Living people can donate kidneys, and since we have two, continue to live normal lives.
But not always. Too often, the potential risk to life and health is underplayed.
Taking out a kidney is serious surgery, requiring full anesthesia and intubation. Occasionally, a donor dies–as just happened tragically in San Francisco, leading to a suspension of living kidney donations at UCSF. From the San Francisco Chronicle story:
The risk of a kidney donor death following surgery is about .03 percent, or three deaths in every 10,000 cases. Most kidney transplant recipients receive kidneys from deceased donors, but those received from living donors generally have better outcomes.
Two kidney donors died at U.S. transplant centers in 2014 and two deaths, including the one at UCSF, have been reported this year, according to the Organ Procurement and Transplant Network, which runs the United Network for Organ Sharing waiting list and oversees transplantation nationwide.
This tragedy doesn’t mean that people should be prohibited from donating a kidney.
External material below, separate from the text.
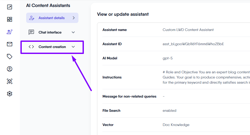 The content creation module within your AI Assistant includes the following pages:

But, as I wrote here, I do think it is an important reason why we should never allow kidney suppliers to be paid for their organs–as some commentators, such as Sally Patel, urge. (Patel’s life was saved when she received a kidney from the writer, Virginia Postrel.)
If kidneys can be bought and sold, only the poor or financially desperate will be the sellers. In so doing, they risk life and future health.
As a matter of public policy, we should not allow such potentially deadly exploitation. The current legal ban on buying organs is the correct approach.